Abstract
Graph Neural Networks (GNNs) and Transformer have emerged as dominant tools for AI-driven drug discovery. Many state-of-the-art methods first pre-train GNNs or the hybrid of GNNs and Transformer on a large molecular database and then fine-tune on downstream tasks. However, different from other domains such as computer vision (CV) or natural language processing (NLP), getting labels for molecular data of downstream tasks often requires resource-intensive wet-lab experiments. Besides, the pre-trained models are often of extremely high complexity with huge parameters. These often cause the fine-tuned model to over-fit the training data of downstream tasks and significantly deteriorate the performance.

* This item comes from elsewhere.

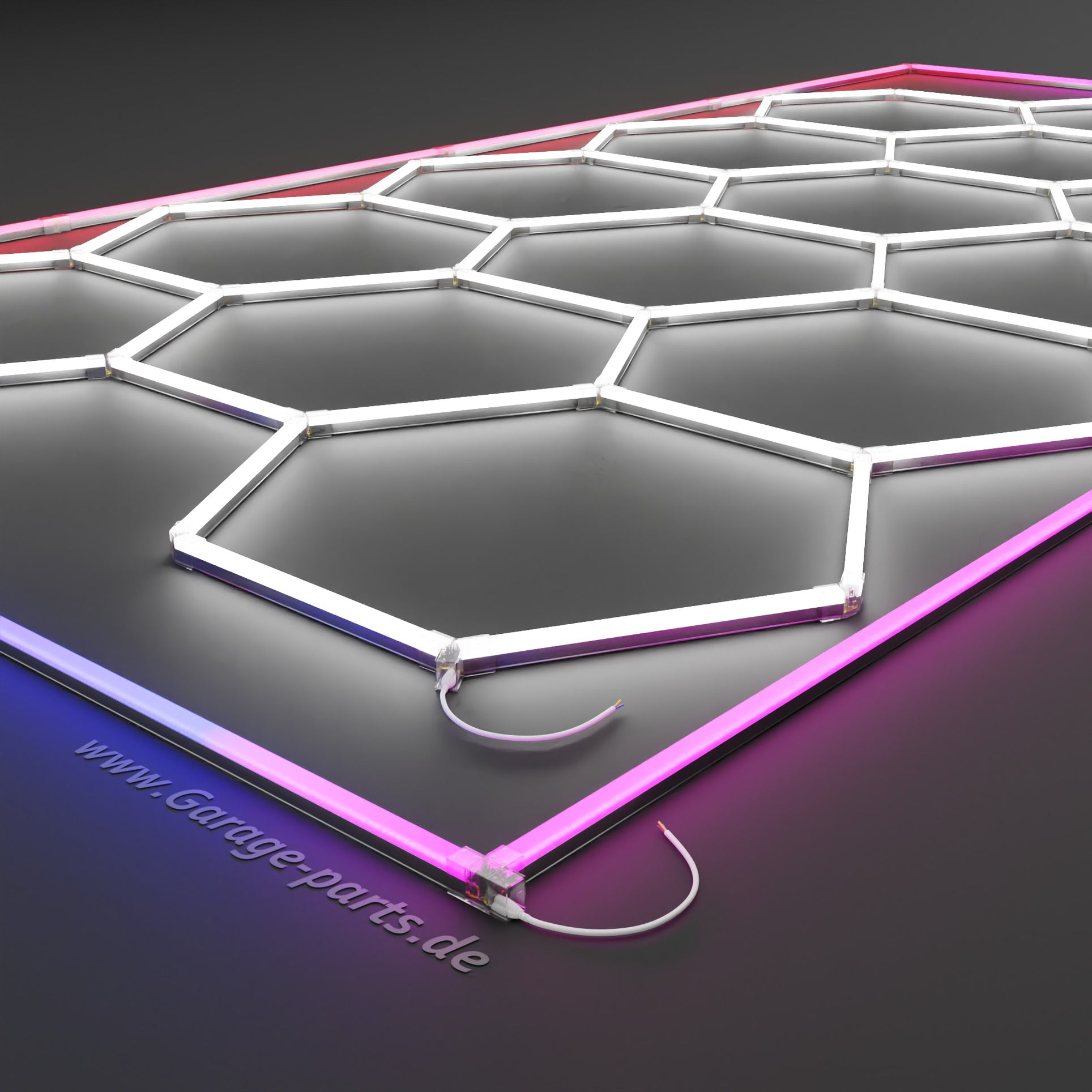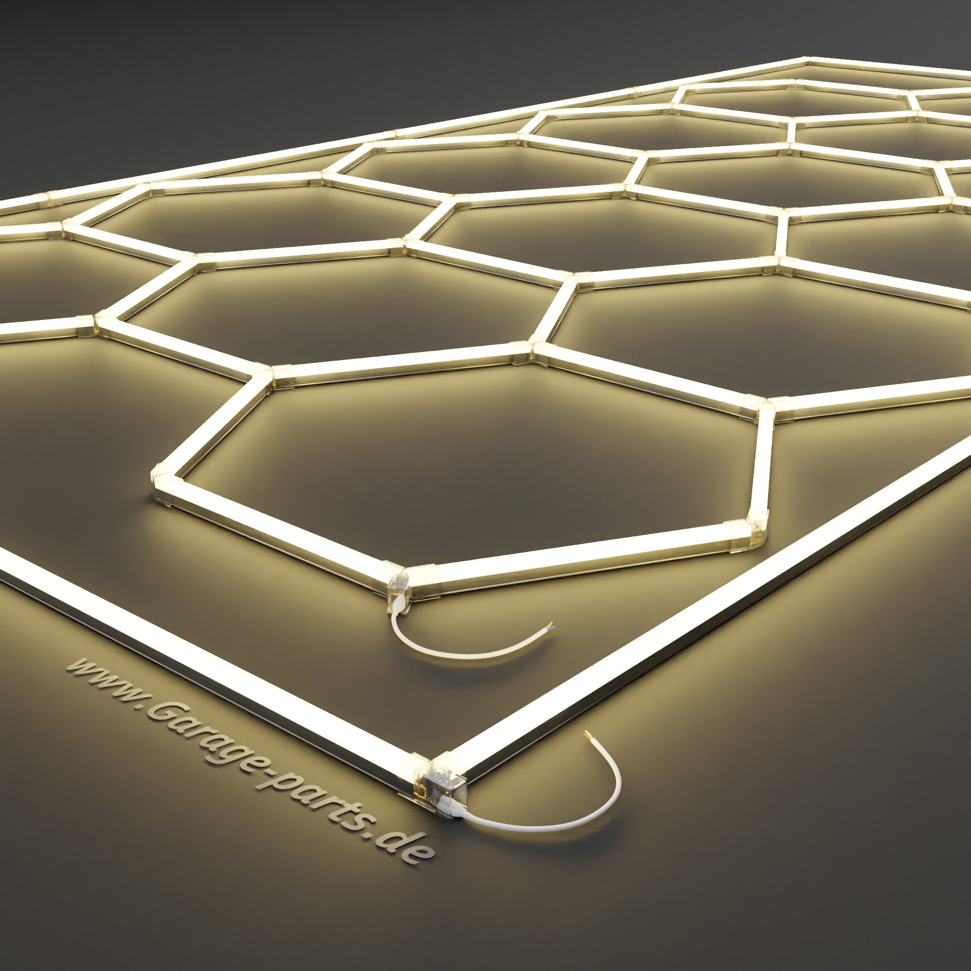 Mit einer Leuchtkraft von 110-120 lm/w Lumen und einem kaltweißen Farbton (6500K) erzeugt unser LED-Beleuchtungssystem ein perfekt helles Licht für Ihren gewünschten Bereich. Ob in der Garage, Werkstatt oder im Ausstellungsraum - unsere Beleuchtung lässt Ihre Räume erstrahlen. Machen Sie Ihre Gewerbehalle mit unserem professionellen Hexagon LED-System zu etwas ganz Besonderem!
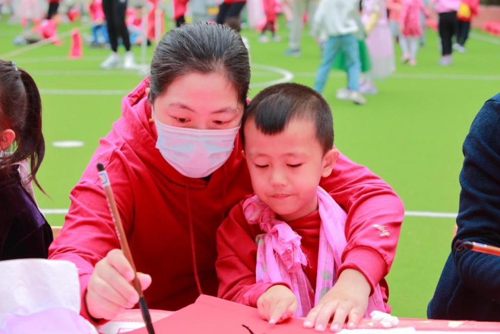 大手握小手,一起寫“福”字。

To alleviate these critical yet under-explored issues, we propose two straightforward yet effective strategies to attain better generalization performance: 1. MolAug, which enriches the molecular datasets of down-stream tasks with chemical homologies and enantiomers; 2. WordReg, which controls the complexity of the pre-trained models with a smoothness-inducing regularization built on dropout. Extensive experiments demonstrate that our proposed strategies achieve notable and consistent improvements over vanilla fine-tuning and yield multiple state-of-the-art results. Also, these strategies are model-agnostic and readily pluggable into fine-tuning of various pre-trained molecular graph models. We will release the code and the fine-tuned models.
1 Introduction
Pre-trained language models (PLMs) have foundamentally changed the landscape of natural language processing (NLP) [Devlin et al., 2019], which have established new state-of-the-art results for a large variety of NLP tasks. Inspired by their proliferation, tremendous efforts have been devoted to molecular graph pre-training which can exploit abundant knowledge of unlabelled molecular in the database [Hu et al., 2020]. For the pre-training stage, existing works train the encoder with various pretext tasks in absence of labels [Rong et al., 2020]. For the second fine-tuning stage, researchers adapt the pre-trained models to the downstream tasks via replacing the top layer of the pre-trained models by a task specific sub-network, and then continuing to train the new model with the limited data of the downstream task.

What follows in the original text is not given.